There is an old book of one Dr. Garmann, “De Miraculis Mortuorum,” and thus he writes:—“When human salt, extracted and depurated from the skull of a man, was placed in a water dish, there appeared next morning in the mass, figures of men fixed to a cross;” and “when human skulls, on which mosses had vegetated, were pounded, the family of the apothecary who pounded them were alarmed in the night by strange and terrific noises from the chamber.”

The body of the Cid, Ruy Diaz, as we read in Heywood’s “Hierarchie,” sat in state at the altar of the cathedral at Toledo for ten years. A Jew one day attempted, in derision, to pull him by the beard; but on the first touch, the Cid started up, and in high resentment scared the Israelite away by the unsheathing of his mighty sword. And Master Planche has brought you legends from the church of Maria Taferl, in Lower Austria, and other noted spots on the Danube.

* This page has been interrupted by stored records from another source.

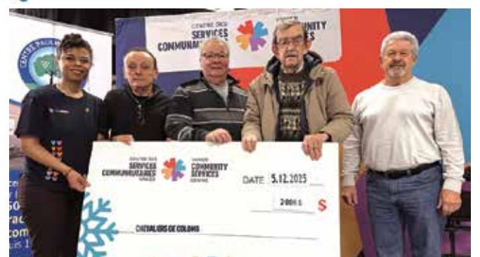
Contribution de 2 000 $ des Chevaliers de Colomb conseil 5571
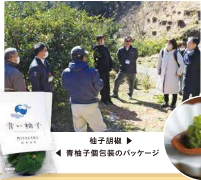
柚子胡椒 ▶ 青柚子個包装のパッケージ ◀
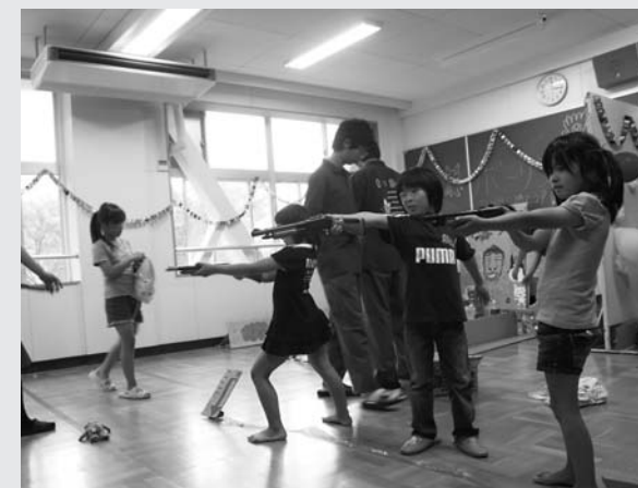
21HRのゲームコーナーは子どもたちに大人気

4日は「校内発表」として、吹奏楽や有志のダンス、バンド演奏などの発表会を開催。「一般公開」の5日は、保護者や卒業生、町民などが、多数川根高校に詰めかけました。生徒会を中心に全校生徒が4月から準備を進めてきた作品展示や、模擬店、自主映画上映会、趣向を凝らした出店の数々が来場者を楽しませました。
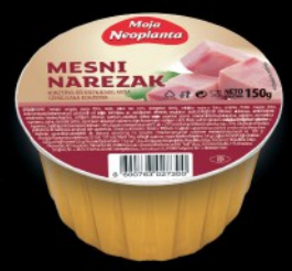
MESNI NAREZAK NEOPLANTA 150G
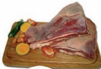
COSTELA BOVINA PONTA CONGELADA
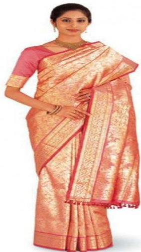
ИНДИЯ МИЛЛИ КИЕМЕ
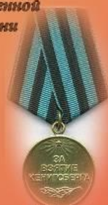
Медаль «За взятие Кенигсберга»
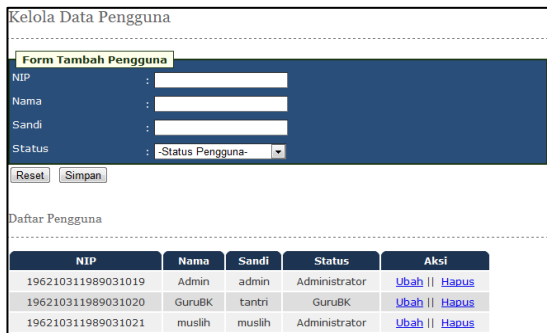
Gambar 4 Halaman Kelola Pengguna

Gambar 3 menampilkan halaman menu utama administrator. Halaman ini adalah tampilan awal dari pengguna Administrator.
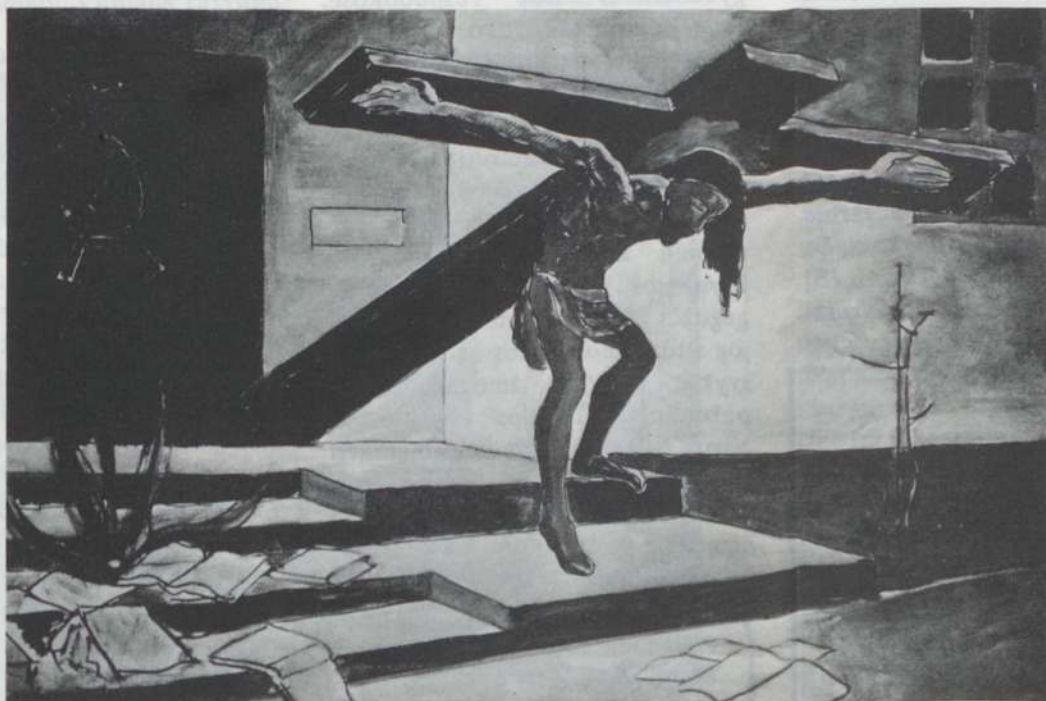
Tremtinys Kristus. (Kun. Pijaus Brazausko piešto paveikslo reprodukcija)

Kviečiame visus aplankyti Palaimintojo karstą Marijampolėje.
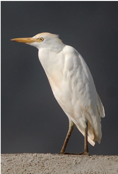
Garcilla bueyera Bubulcus ibis . Frontera (El Hierro).

Canarias. En Tenerife, en granja de vacas en Tejina, La Laguna, se efectúan recuentos que constatan la presencia regular de la especie en números variables entre el 2 de enero y el 6 de mayo de 2013, siendo los máximos de 21 ejemplares el 9 de enero, 15 ejemplares el 16 y de nuevo el 19 de enero de 2013, así como 10 aves el 22 de marzo de 2013, y estando presentes sólo tres ejemplares el 2 de abril y dos el 6 de mayo de 2013 (R. Fernández Febles). En El Hierro: el 30 de octubre de 2007 en la zona baja de Frontera se observa un ejemplar en una granja de cerdos; entre el 5 de noviembre y el 1 de diciembre de
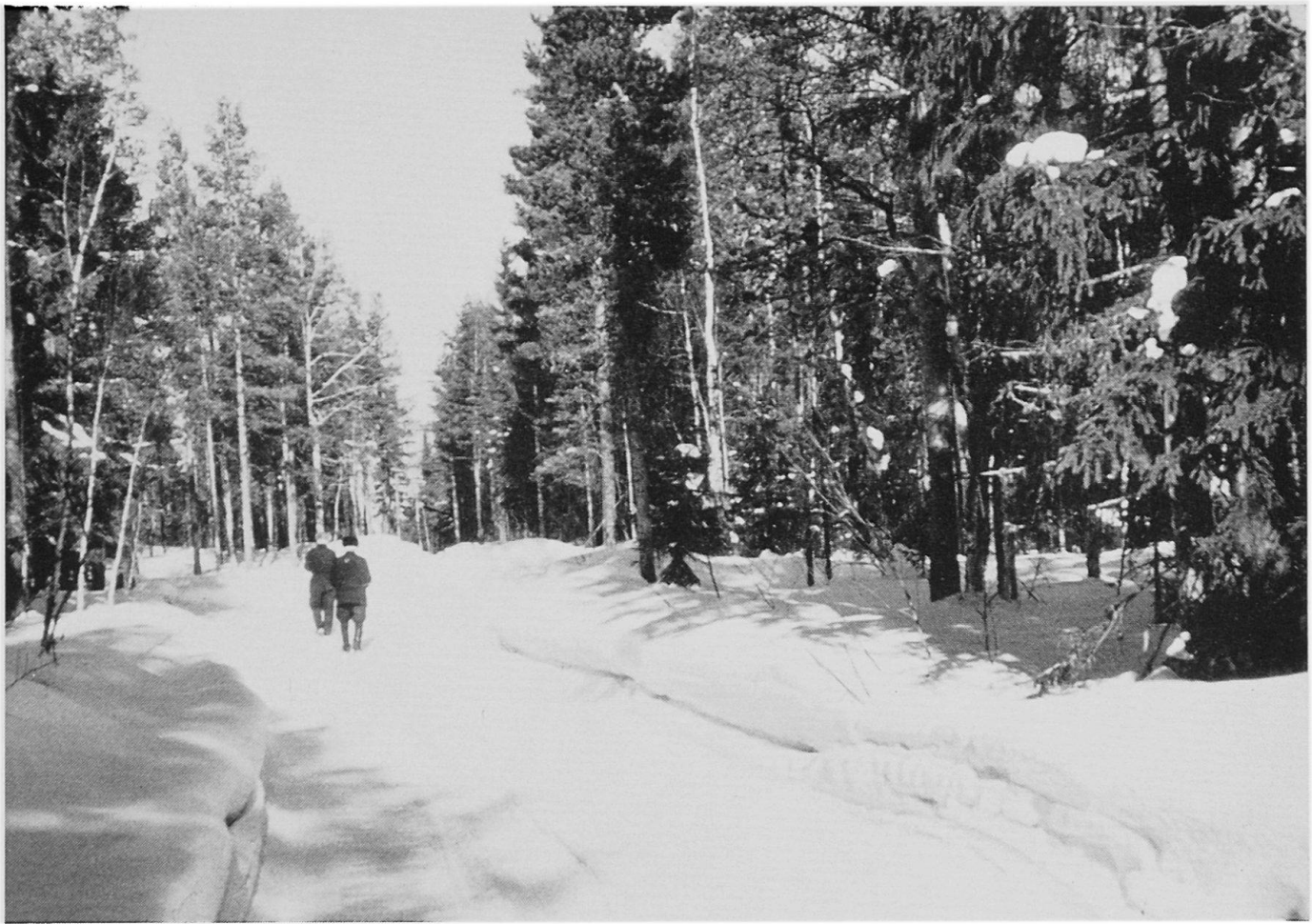
Abbildung 5. Mischwald in Oulainen, im südlichen Teil Nordfinnlands.

Meerbusens. In dessen Nordteil ist das Wasser nur noch schwach salzhaltig; der Salzgehalt beträgt ungefähr 3 Promille. Für die Schifffahrt Nordfinnlands hat der Bottnische Meerbusen große Bedeutung; Oulu, Kemi und Raahen sind wichtige Hafenstädte. Zwar ist sein Nordteil im Winter ein halbes Jahr lang zugefroren, die Schifffahrt kann jedoch mit Hilfe von Eisbrechern zeitweise aufrechterhalten werden.
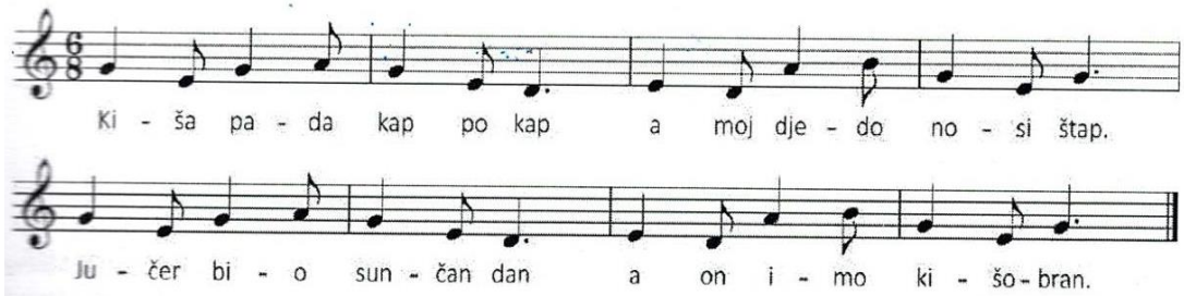
Slika 3. Notni zapis pjesme „Kiša pada“ koja se pjeva u jasličkoj skupini u sklopu projekta „Jesen“

Nastoji se pjevati što češće i u tu aktivnost uključiti svu djecu. Također, u svim skupinama koriste se glazbeni instrumenti kao što su: razne vrste udaraljki, trijangleri, bubanj, gong, metronom, činele, Montessori zvona i tzv. „Kiša“. Kiša je cijevasti instrument u kojem se nalaze prepreke kroz koje prolazi sitni materijal koji proizvodi zvuk kada se instrumentu promjeni položaj. Zove se Kiša jer zvuk koji proizvodi ovaj instrument zvuči kao udaranje kapljica kiše po čvrstoj površini.
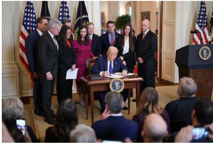
President Trump signed the Laken Riley Act, the first bill of his new administration, in January.

Geo Group said allegations that it had blocked changes to the surveillance program “are part of a politicized effort by open borders groups to interfere with the federal government’s immigration enforcement efforts and to abolish immigration enforcement writ large.”
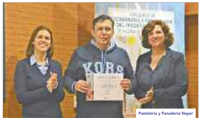
Pastelería y Panadería Nayer
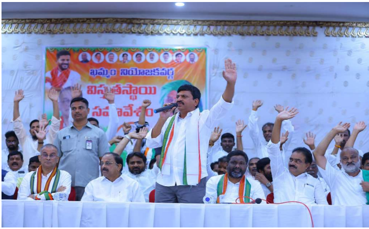
పాలేరు సమావేశంలో మాట్లాడుతున్న పొంగిలేటి
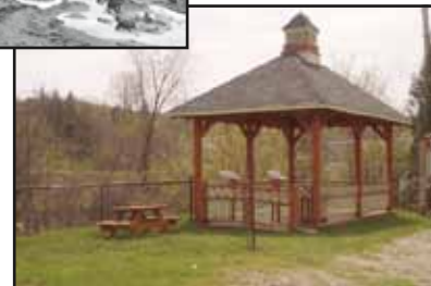
Place du moulin 2008
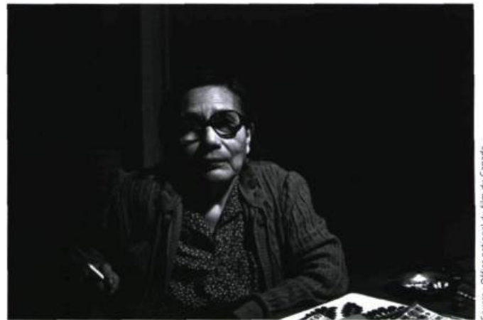
Le dernier glacier (1984)

Vous semblez avoir une manière assez unique de travailler. Je pense entre autres à la façon dont vous avez conçu Trois pommes... en élaborant en même temps l'histoire, la musique, la conception sonore. Cette méthode est-elle unique à ce film?

When Bernini’s bust of Charles I. was being conveyed in a barge on the Thames, from a strange bird there descended a drop of blood on the bust, which could never be effaced.

This is nothing but a fact in nature mystified, and (like the growth of the Christmas flowering thorn of Glastonbury, from the walking-staff of Joseph of Arimathæa) is too glaring to be misconstrued.

Other of these blood miracles are still more easy of solution. The blood spots from David Rizzio are shown to this day in Holyrood: and it was believed, that after the Irish massacre the blood of the victims then slain on Portnedown Bridge, has indelibly stained its battlements. But these spots are nothing but the brown vegetative stains which geology has discovered on many fossils.

Now listen to Father Gregory of Tours. “A thief was committing sacrilege at the tomb of Saint Helius, when the saint caught him by the skirt, and held him fast.” Probably his garment hitched on a nail. Another old man, while removing a stone from the grave of a saint, was in a moment struck blind, dumb, and deaf. Probably the mephitic gases exhaling from the tomb were the source of all this mystery.